Les Catacombes take you down into the deep of Paris underground and its maze of galleries.

Those are lined with small crypts stacked with more than six million skeletons, the remains of generations of Parisians.

Amazingly, Place Denfert-Rochereau was known as Place d’Enfer (Hell’s Gate) until the French Revolution.

It replaces the Barrière d’ Enfer, one of the tollgates on the Wall of the General Farmers erected in the late 18th century.

The tollgate consisted of two square buildings designed by the architect Claude Nicolas Ledoux.

These buildings are now listed Historical Monuments and one serves as entrance to the Catacombes.

Why store skeletons in the underground of Paris ?

Antic Paris, or Lutetia, originated on the Ile de la Cité.

It developed steadily through the centuries on the two banks of the river Seine.

By the 18th century, the old villages had become proper districts.

Their cemeteries, once outside the city limits, were in the direct vicinity of dwellings and workshops.

They were exceeding their original capacity and generated obvious and severe problems of sanitation!

The largest and oldest of these urban cemeteries was the Cimetière des Innocents, near Les Halles, which had been in use since the 10th century.

The State Council ordered the closure of the cemetery in 1780, before major epidemics spread.

The bones were transferred to old underground quarries located in the south of Paris, an area then sparsely populated.

The Catacombes were officially blessed and consecrated in 1786.

Over six million skeletons were transferred from the other Paris cemeteries in the years that followed.

This included among others the remains from St-Eustache, St-Landry and St-André-des-Arts parish churches.

However, it also included those of the people killed during the various political conflicts that gripped Paris between 1788 and 1792.

The Catacombes were enlarged and restored between 1810 and 1811, and open to guided tours.

Catacombes, the resting place of 6 million Parisians

The bones were piled up in order to create decorative patterns and make the necropolis look less dreary.

Skulls, tibia and femurs produced patterns that differ from a crypt to another.

Nothing macabre, just a different approach to death…

The bones from the Cimetière des Errancis were transferred during the Bourbon Restoration.

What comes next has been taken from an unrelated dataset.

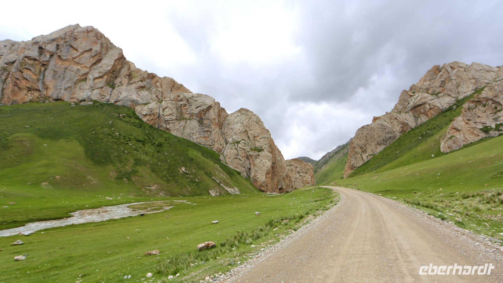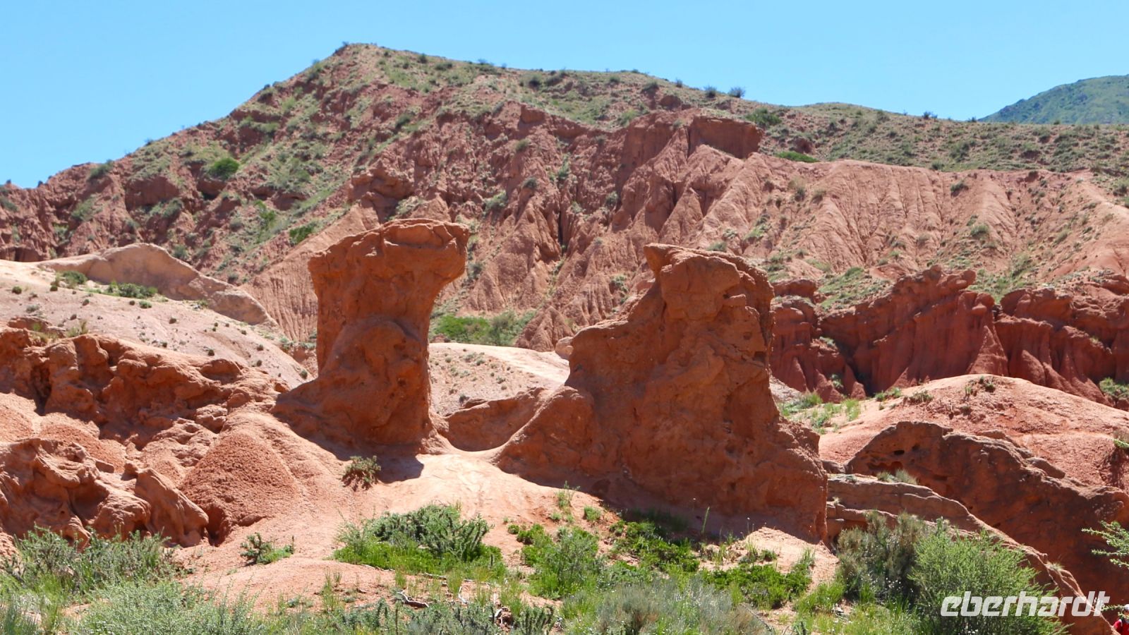 Traditionelle Reiterspiele stehen heute zunächst auf dem Programm. Die dafür vorgesehene Wiese ist kaum einige Minuten Fahrt entfernt. Bei unserer Ankunft am „Reitfeld“ ist der Regen so stark, dass wir uns entschließen im Bus zu bleiben. Ein Ausstieg scheint unmöglich. Wir vereinbaren, die Vorführung auf die Rückfahrt zu verlegen und fahren dann weiter. Alsbald hört der Regen auf. Der Weg führt durch eine imposante Landschaft – beständig wechseln Berg, Schluchten, Steppe und wüstenartige Abschnitte einander ab. Schließlich gelangen wir an die Ufer des Issyk-Kul. Nach Sanitärhalt und Supermarkt erreichen wir am frühen Nachmittag die Grigorjew-Schlucht. Der hier beständig von Fahrzeugen aufgewirbelte Staub auf dem Weg durch das Tal bremst alsbald unseren Wanderdrang und wir beschließen nach kurzem Aufstieg lieber am Fluss zu bleiben. Bei Tee und Supermarkt-Proviant ist Mittagsrast, bevor wir nach Karakol weiterfahren.

The revolutionaries opened this cemetery in haste (near Parc Monceau) to bury the bodies of 1,119 people they guillotined during the Revolution.

Among the bones transferred there were those of Danton, Robespierre and Madame Elisabeth, the sister of Louis XVI .

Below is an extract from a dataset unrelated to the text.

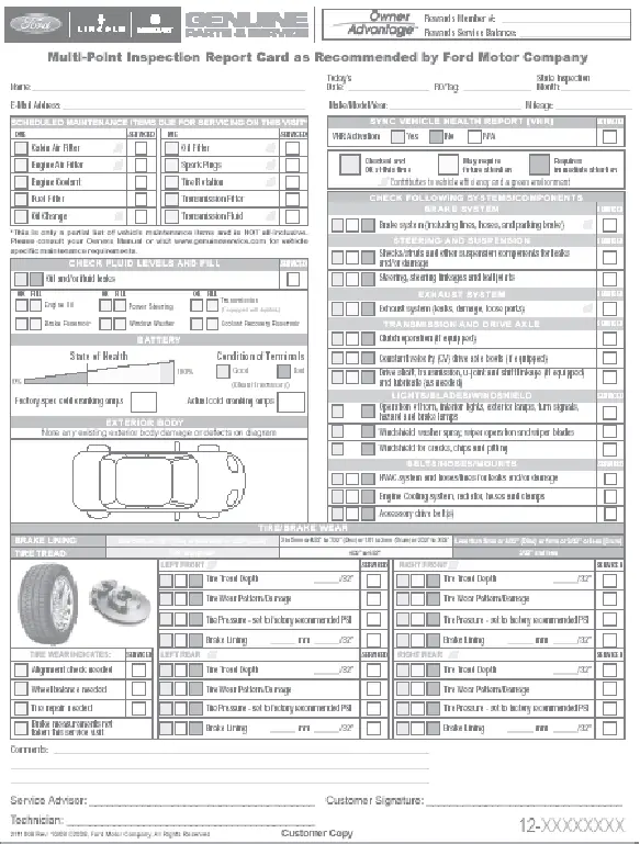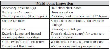 In order to keep your vehicle running right, it is important to have the systems on your vehicle checked regularly. This can help identify potential issues and prevent major problems. Ford Motor Company recommends the following multi-point inspection be performed at every scheduled maintenance interval to help make sure your vehicle keeps running great.

La Madeleine and Saint-Jacques-du-Haut-Pas were the last cemeteries to become disused in 1850.

Stop, Here starts the World of the Dead

A 90-step stone spiral staircase takes you down to the depth of the underground necropolis.

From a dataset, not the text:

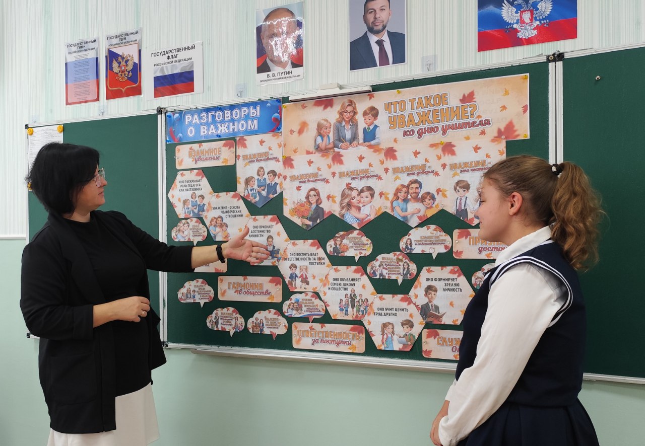 Сегодня в школах, техникумах и колледжах Донецкой Народной Республики прошли занятия проекта «Разговоры о важном». Тема урока посвящена уважению и приурочена ко Дню учителя.

“Arrête, c’est ici l’Empire de la Mort”

This verse by the poet Jacques Delille (1738-1813) is carved on the lintel above the entrance door to the ossuary.

It greets the visitors as they set foot into the Kingdom of the Dead.

Once passed the door, you’ll discover the crypts, but also some unusual funeral monuments and objects.

The bones recovered from each cemetery were stored in a separate crypt marked with the name of the cemetery of origin.

Poems and dedications to the Dead

The workmen who converted the galleries in the early 19th century also carved the walls  with inscriptions and poems, presumably to encourage the visitor to reflect on Death.

A small circular basin was named Fontaine de Léthé or Fontaine de la Samaritaine and engraved with some verses of the Gospel.

The Autel de l’Obélisque, located in the Sacellum Crypt, was made to resemble an ancient tomb.

The Crypte du Piedestal de la Lampe Sépulcrale contains the bones of Saint-Laurent Cemetery; it was the first monument built in the Catacombes.

The Sarcophage du Lacrymatoire is a reinforcement pillar shaped like a burial vault.

This funeral monument is also known as Tombeau de Gilbert in reference to the verses that Nicolas Gilbert wrote a week before dying.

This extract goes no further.